Material for the task:
_ _ _ _
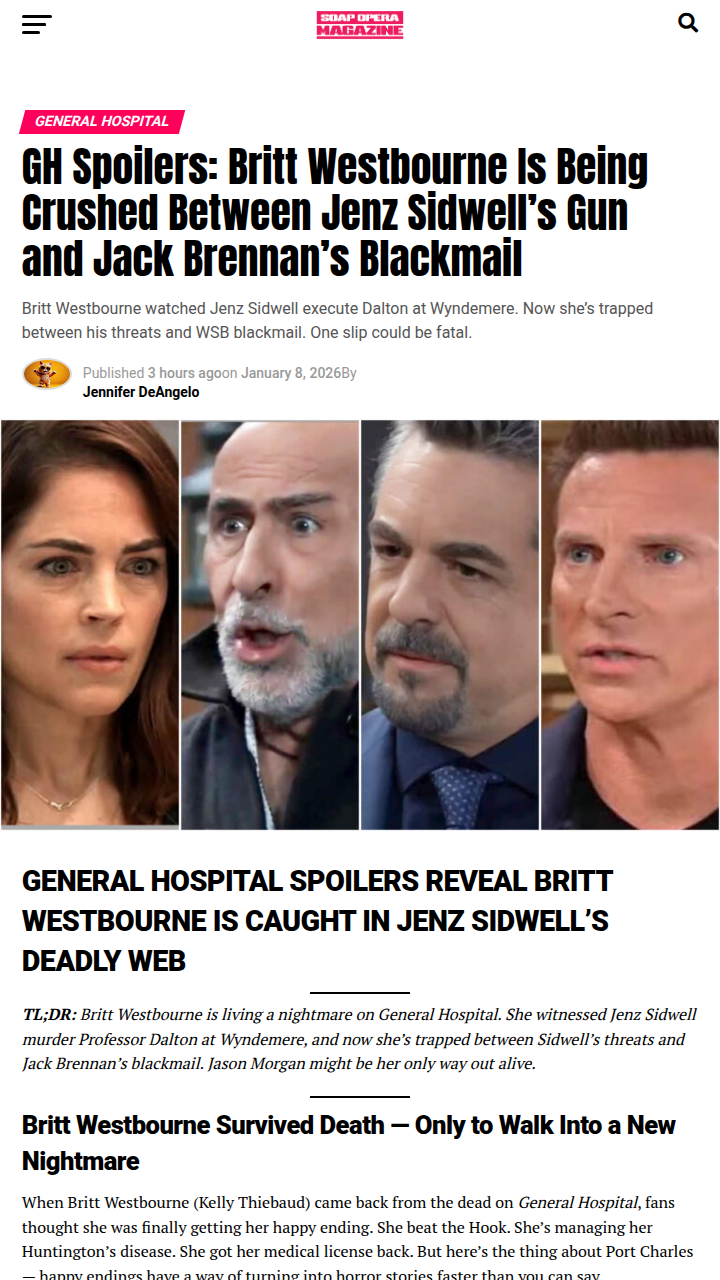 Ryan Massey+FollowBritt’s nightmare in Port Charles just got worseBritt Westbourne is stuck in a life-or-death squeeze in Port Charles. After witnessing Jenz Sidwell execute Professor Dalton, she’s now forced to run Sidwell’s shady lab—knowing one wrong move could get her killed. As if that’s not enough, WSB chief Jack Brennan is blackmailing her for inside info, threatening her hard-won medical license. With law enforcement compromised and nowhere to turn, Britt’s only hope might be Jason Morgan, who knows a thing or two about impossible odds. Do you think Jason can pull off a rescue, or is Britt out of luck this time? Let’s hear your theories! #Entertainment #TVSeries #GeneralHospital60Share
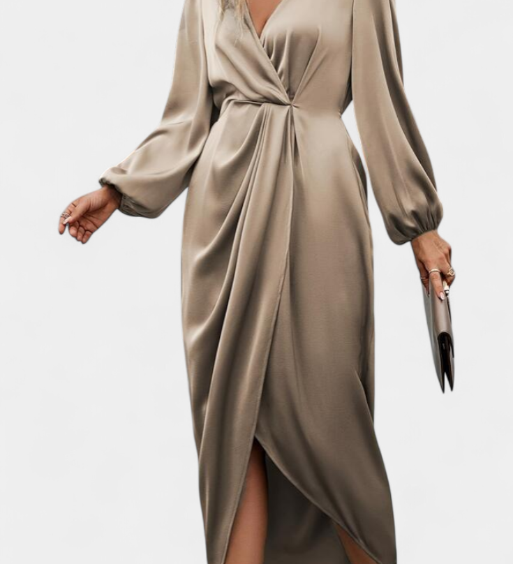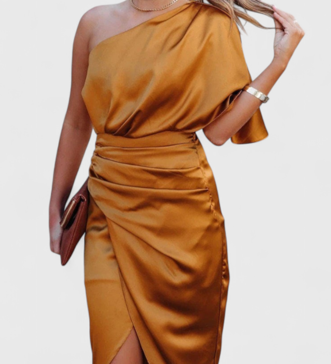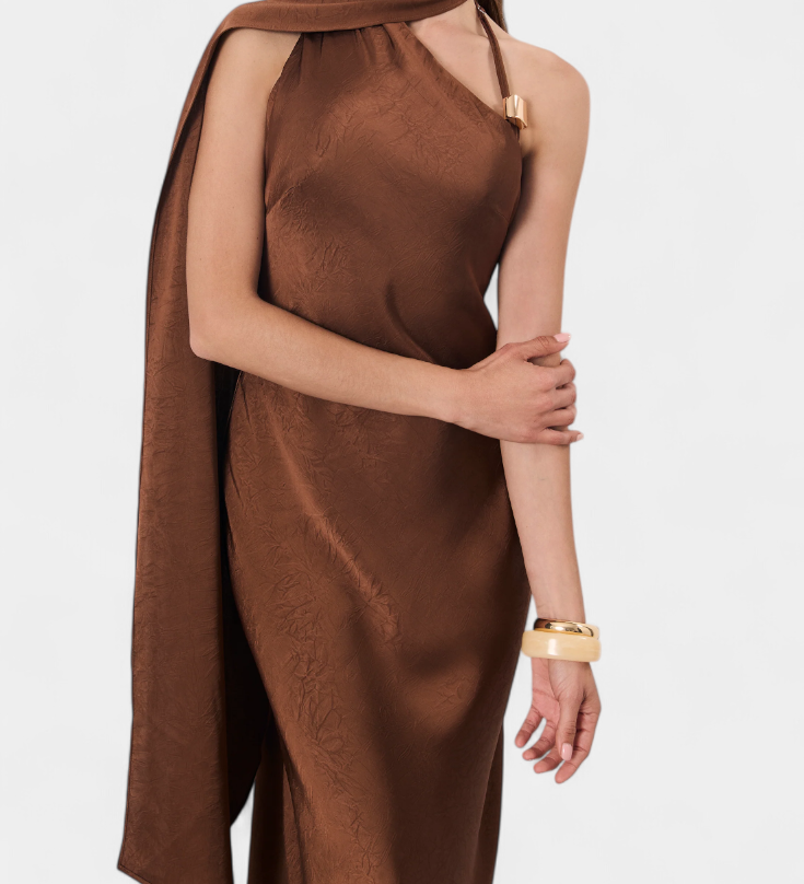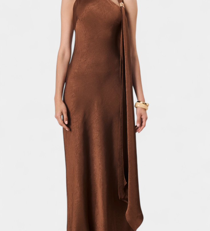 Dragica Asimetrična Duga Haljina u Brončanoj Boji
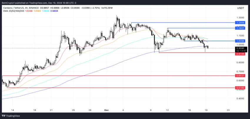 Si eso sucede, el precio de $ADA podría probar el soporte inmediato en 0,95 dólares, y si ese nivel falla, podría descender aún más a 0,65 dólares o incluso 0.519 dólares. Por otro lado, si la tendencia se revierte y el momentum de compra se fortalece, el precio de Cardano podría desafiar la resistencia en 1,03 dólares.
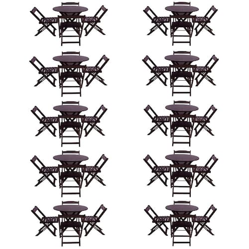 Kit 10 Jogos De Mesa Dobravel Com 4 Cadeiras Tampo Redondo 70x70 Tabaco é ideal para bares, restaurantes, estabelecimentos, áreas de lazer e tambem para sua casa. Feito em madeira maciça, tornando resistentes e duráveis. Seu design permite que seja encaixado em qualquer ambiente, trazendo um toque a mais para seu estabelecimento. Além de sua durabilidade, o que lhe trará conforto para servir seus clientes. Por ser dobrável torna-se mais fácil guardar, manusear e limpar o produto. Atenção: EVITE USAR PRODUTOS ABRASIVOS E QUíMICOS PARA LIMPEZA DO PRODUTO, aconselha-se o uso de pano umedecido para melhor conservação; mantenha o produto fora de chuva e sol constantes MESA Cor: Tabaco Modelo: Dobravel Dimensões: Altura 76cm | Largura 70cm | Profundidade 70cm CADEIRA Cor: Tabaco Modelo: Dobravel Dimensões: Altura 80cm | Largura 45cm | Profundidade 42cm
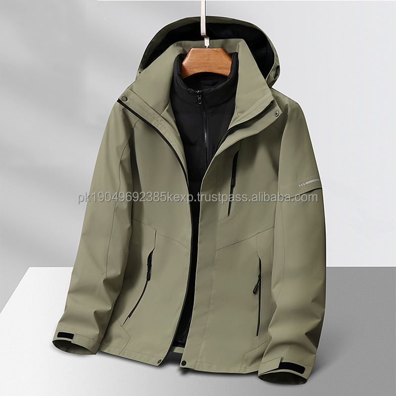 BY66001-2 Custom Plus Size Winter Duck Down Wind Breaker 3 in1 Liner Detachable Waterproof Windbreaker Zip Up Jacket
_ _ _ _
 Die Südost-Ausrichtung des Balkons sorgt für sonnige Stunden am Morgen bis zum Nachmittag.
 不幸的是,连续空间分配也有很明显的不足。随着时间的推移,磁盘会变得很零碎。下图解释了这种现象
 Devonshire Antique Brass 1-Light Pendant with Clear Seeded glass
_ _ _ _
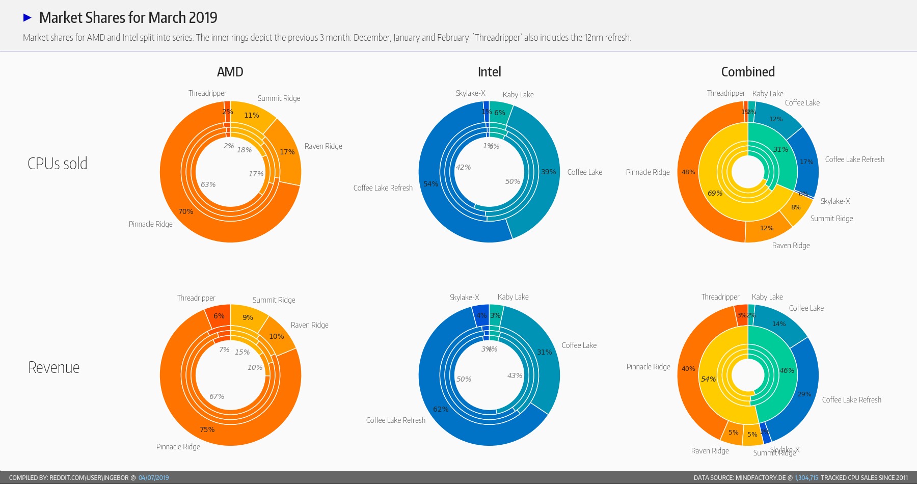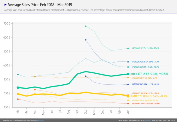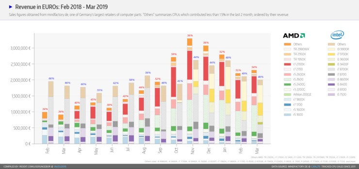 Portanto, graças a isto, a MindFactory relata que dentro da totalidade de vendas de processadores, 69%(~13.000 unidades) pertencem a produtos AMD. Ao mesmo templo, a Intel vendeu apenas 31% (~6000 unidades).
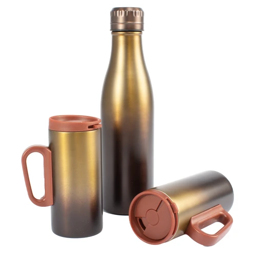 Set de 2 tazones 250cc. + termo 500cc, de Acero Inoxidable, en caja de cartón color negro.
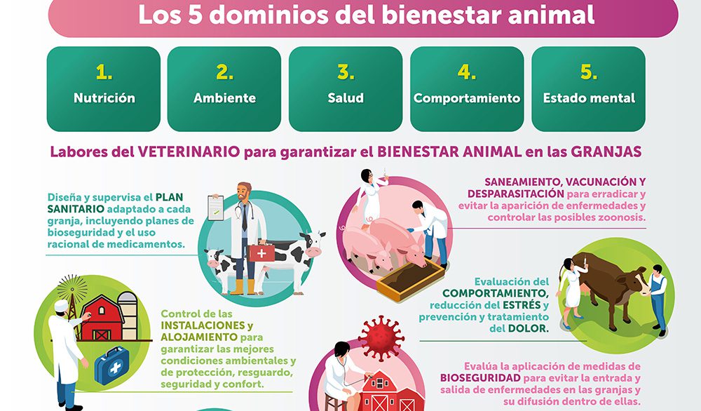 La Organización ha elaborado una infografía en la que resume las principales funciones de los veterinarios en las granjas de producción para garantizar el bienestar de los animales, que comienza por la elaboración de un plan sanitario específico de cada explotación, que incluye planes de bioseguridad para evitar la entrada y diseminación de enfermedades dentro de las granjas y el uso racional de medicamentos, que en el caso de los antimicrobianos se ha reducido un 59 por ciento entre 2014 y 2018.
_ _ _ _
Instructions for the task: Above are the records; repeat exactly the lines from the one holding "Die Südost-Ausrichtung des" down to the one holding "Devonshire Antique Brass", end lines included.

Answer box:
 Die Südost-Ausrichtung des Balkons sorgt für sonnige Stunden am Morgen bis zum Nachmittag.
 不幸的是,连续空间分配也有很明显的不足。随着时间的推移,磁盘会变得很零碎。下图解释了这种现象
 Devonshire Antique Brass 1-Light Pendant with Clear Seeded glass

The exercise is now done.